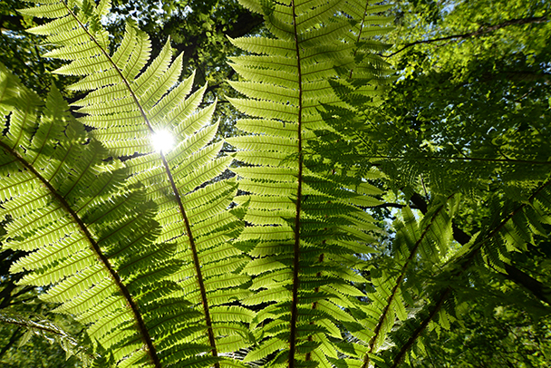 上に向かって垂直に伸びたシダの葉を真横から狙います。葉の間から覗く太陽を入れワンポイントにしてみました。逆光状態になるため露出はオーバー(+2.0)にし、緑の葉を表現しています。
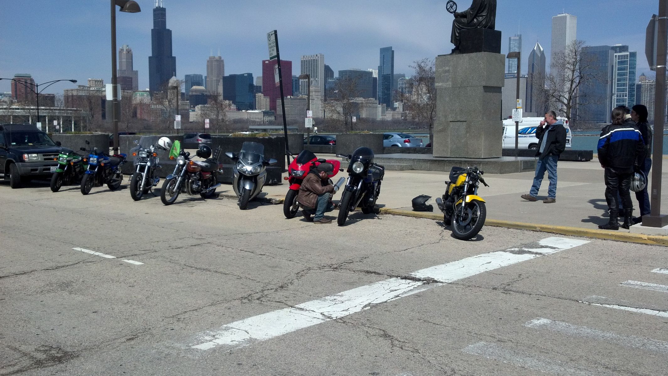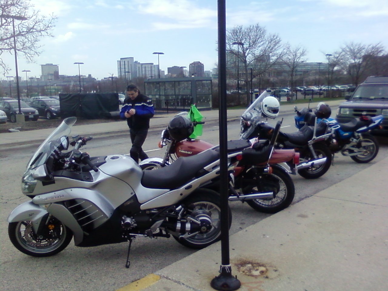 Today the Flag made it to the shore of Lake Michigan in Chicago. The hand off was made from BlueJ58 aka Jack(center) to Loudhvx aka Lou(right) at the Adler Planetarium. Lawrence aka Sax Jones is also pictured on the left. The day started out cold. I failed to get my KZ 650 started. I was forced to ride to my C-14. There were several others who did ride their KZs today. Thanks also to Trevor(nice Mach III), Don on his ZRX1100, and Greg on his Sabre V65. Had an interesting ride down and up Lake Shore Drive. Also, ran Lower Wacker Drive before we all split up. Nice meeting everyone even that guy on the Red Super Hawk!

· · ·

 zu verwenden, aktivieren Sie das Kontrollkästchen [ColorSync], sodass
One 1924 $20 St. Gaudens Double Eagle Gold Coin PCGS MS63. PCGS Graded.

· · ·

▶ **The task**:
When you reach the line holding "上に向かって垂直に伸びたシダ" in the listing above, begin retyping exactly, and stop once the line holding "Today the Flag" is done; pictures stay out.

▶ **Response to this exercise**:
 上に向かって垂直に伸びたシダの葉を真横から狙います。葉の間から覗く太陽を入れワンポイントにしてみました。逆光状態になるため露出はオーバー(+2.0)にし、緑の葉を表現しています。
 Today the Flag made it to the shore of Lake Michigan in Chicago. The hand off was made from BlueJ58 aka Jack(center) to Loudhvx aka Lou(right) at the Adler Planetarium. Lawrence aka Sax Jones is also pictured on the left. The day started out cold. I failed to get my KZ 650 started. I was forced to ride to my C-14. There were several others who did ride their KZs today. Thanks also to Trevor(nice Mach III), Don on his ZRX1100, and Greg on his Sabre V65. Had an interesting ride down and up Lake Shore Drive. Also, ran Lower Wacker Drive before we all split up. Nice meeting everyone even that guy on the Red Super Hawk!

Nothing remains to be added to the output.